Former Gov. Timothy M. Kaine’s budget for 2010-12 proposes $270 million in cuts to sheriff’s departments and commonwealth’s attorney’s offices, in addition to roughly $73 million in cuts to local police departments.
Jett said the cuts amount to reductions of about 25 percent in law-enforcement services and would cost sheriff’s departments across the state about 1,500 positions. Commonwealth’s attorneys across the state are down 100 prosecutors.
Officials said about 65 percent of Virginians depend on the aid the state provides to localities for their law-enforcement services.
Sheriffs, police and prosecutors said further reductions in public safety would make it nearly impossible to protect themselves and the roads, jails and communities they police.
“No local government can absorb that significant an impact and continue to provide the services we do,” said Waynesboro Police Chief Doug Davis.
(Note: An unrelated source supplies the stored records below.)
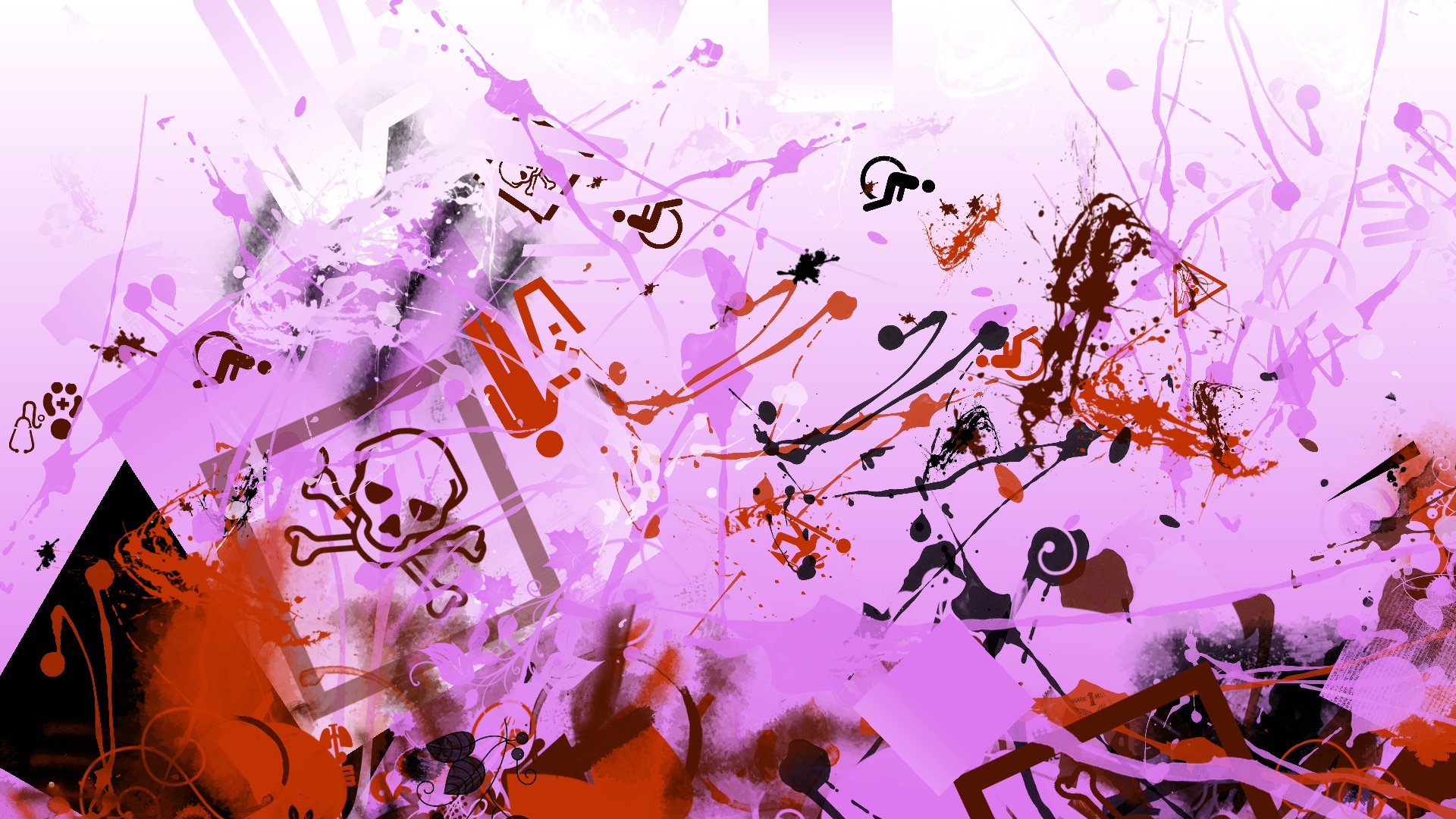 Description: A painting of a bunch of musical notes on a purple background with a black and red design on the bottom.
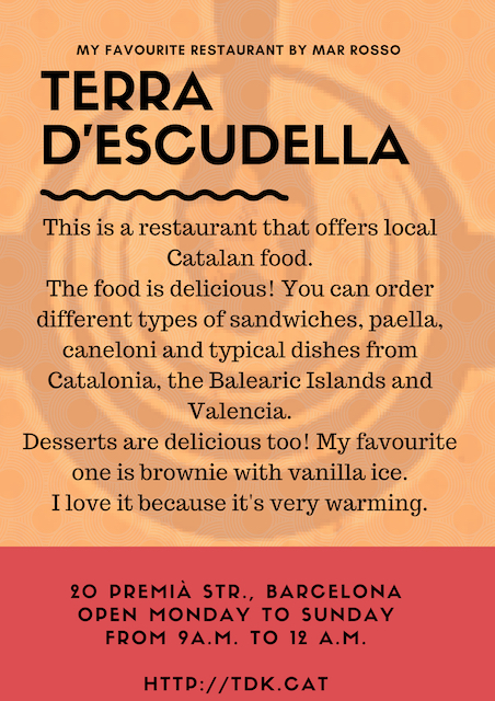 II. Think about a restaurant in Sant Boi you want to recommend to your classmates. Write a review following these steps:
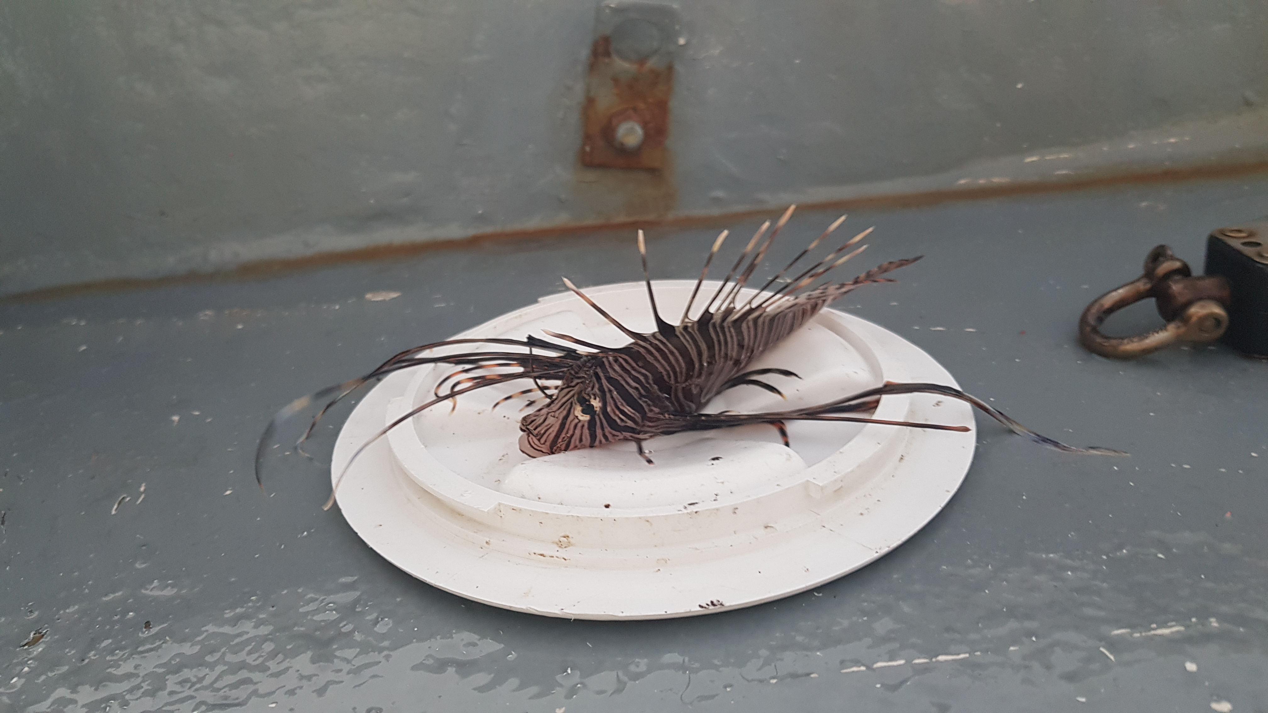 Danach starteten wir den nächsten Versuch, einen Lionfish zu fangen und Steffen erlegte auch einen, der als Katzenfutter für Perkins sein Ende fand.
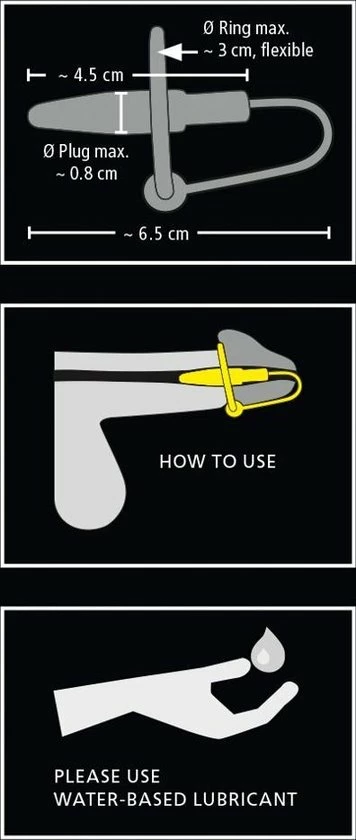 Ring binnen diameter 3 cm (zeer elastisch). Dilator 4,5 cm lang, diameter 0,3-0,8 cm. Paars / zilver kleuren. Materiaal: siliconen, metaal, ftalaat-vrij volgens EU-richtlijn 1907/2006 / EG.
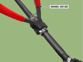 С помощью специального инструмента (09495-39100) затяните хомуты сильфонного уплотнения.

“Now we are asking them to do the impossible for less,’ said Del. Charles W. Carrico, R-Grayson, a former state trooper and one of seven state lawmakers to speak in support of sparing public safety.
Wayne Huggins, executive director of the Virginia State Police Association, said state police are looking at more than $52 million in cuts and already have more than 200 trooper positions vacant. “It’s an extremely dire situation,” he said.
Dire as Kaine’s proposed cuts seem to law-enforcement officials, the other shoe is yet to drop. McDonnell has ruled out tax increases to balance an estimated $4.2 billion budget shortfall. That means that he and lawmakers must find an additional $2 billion in cuts across the government to balance the state’s two-year budget.
Lawmakers expressed support for bipartisan bills that would seek to offset reductions for law enforcement.
“Nothing says I love you quite like cash -- and I think that’s where we are now,” said Sen. Janet D. Howell, D-Fairfax.
Among those in attendance was former Republican Sen. Kenneth W. Stolle, now sheriff of Virginia Beach. Stolle, having seen both sides of the issue, said his former colleagues in the legislature need to set priorities to weather the storm.
“You cut education, and you increase class size,” he said. “You cut public safety, and people die. And that’s a dramatic and stark difference between the decisions they have to make on cuts.”